» **Task instructions**: Pictures in the listing do not belong in the copy, which should repeat exactly the lines from the one holding "Hex #740bd6 Color" through the last line.

─── Supplied material ───

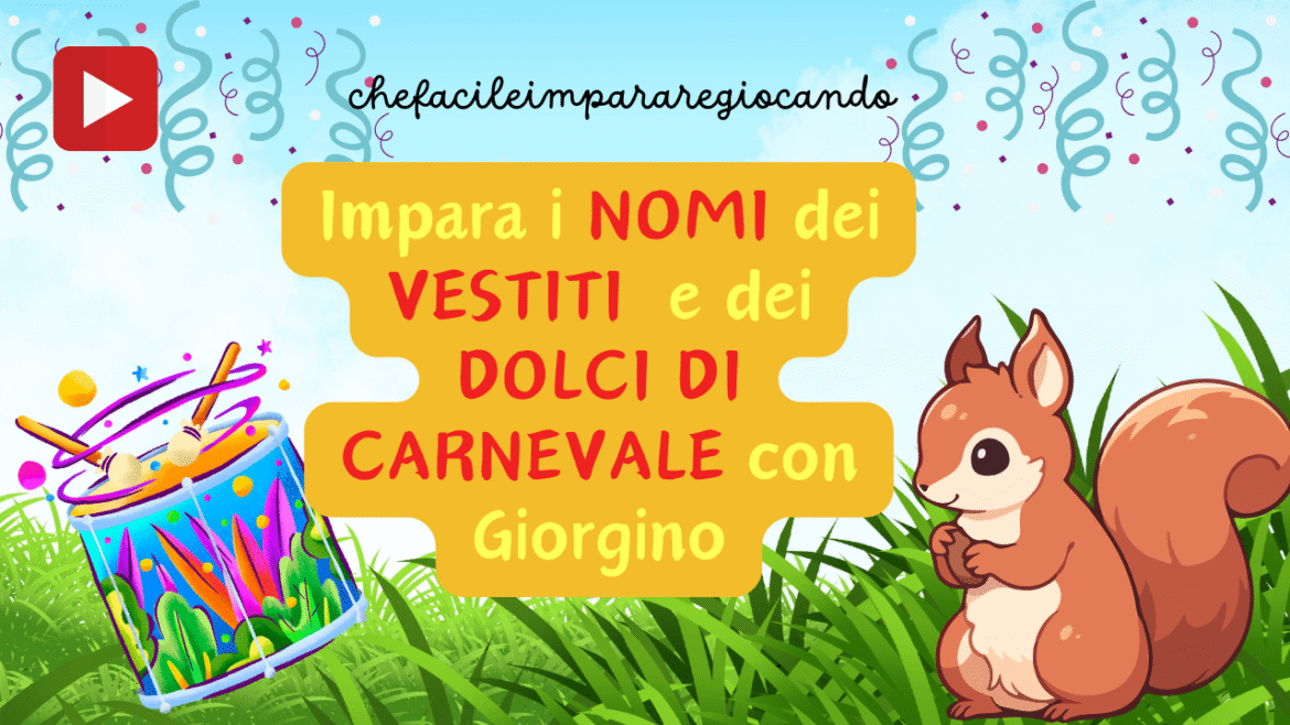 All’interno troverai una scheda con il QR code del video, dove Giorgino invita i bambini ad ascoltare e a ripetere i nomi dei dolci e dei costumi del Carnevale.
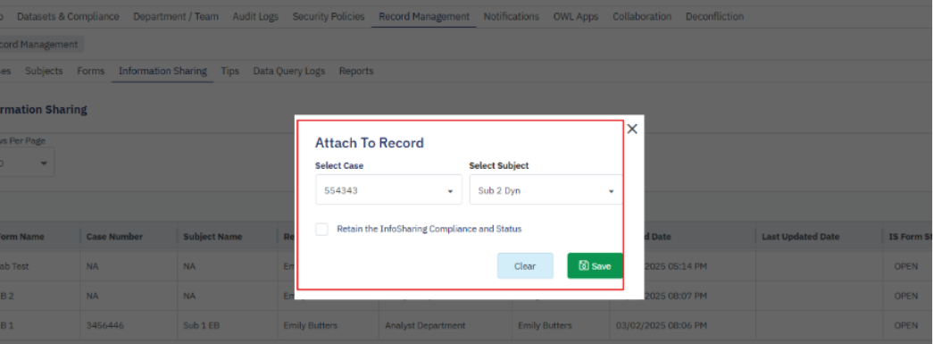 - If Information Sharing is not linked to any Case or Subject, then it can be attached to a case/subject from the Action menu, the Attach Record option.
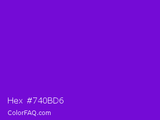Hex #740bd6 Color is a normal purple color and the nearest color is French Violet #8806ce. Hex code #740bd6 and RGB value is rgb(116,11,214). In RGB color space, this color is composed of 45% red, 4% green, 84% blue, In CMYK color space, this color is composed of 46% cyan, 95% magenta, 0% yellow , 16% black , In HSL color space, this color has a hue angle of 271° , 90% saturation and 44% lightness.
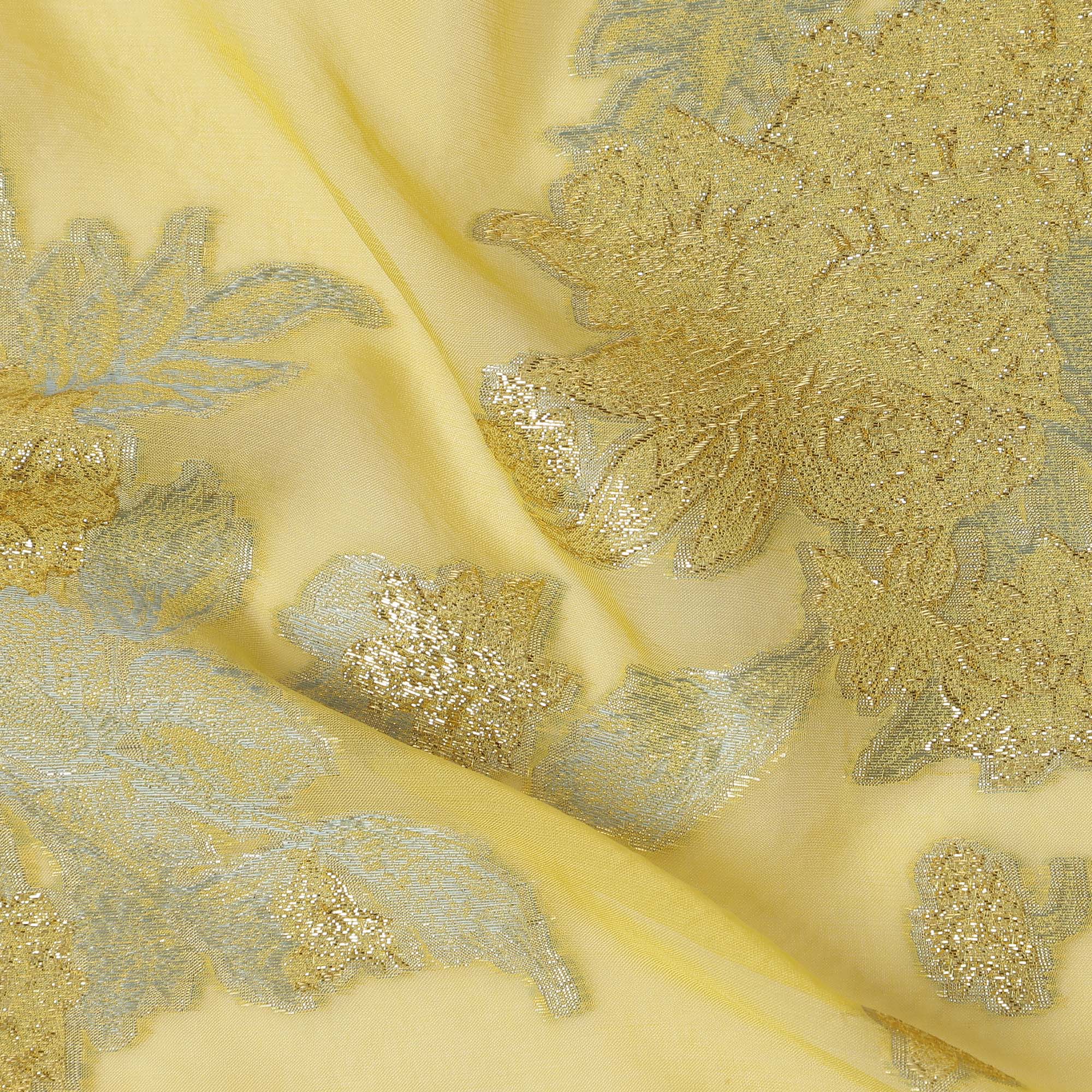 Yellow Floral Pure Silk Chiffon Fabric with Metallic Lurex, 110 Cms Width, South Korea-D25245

───

» **Response**:
Hex #740bd6 Color is a normal purple color and the nearest color is French Violet #8806ce. Hex code #740bd6 and RGB value is rgb(116,11,214). In RGB color space, this color is composed of 45% red, 4% green, 84% blue, In CMYK color space, this color is composed of 46% cyan, 95% magenta, 0% yellow , 16% black , In HSL color space, this color has a hue angle of 271° , 90% saturation and 44% lightness.
 Yellow Floral Pure Silk Chiffon Fabric with Metallic Lurex, 110 Cms Width, South Korea-D25245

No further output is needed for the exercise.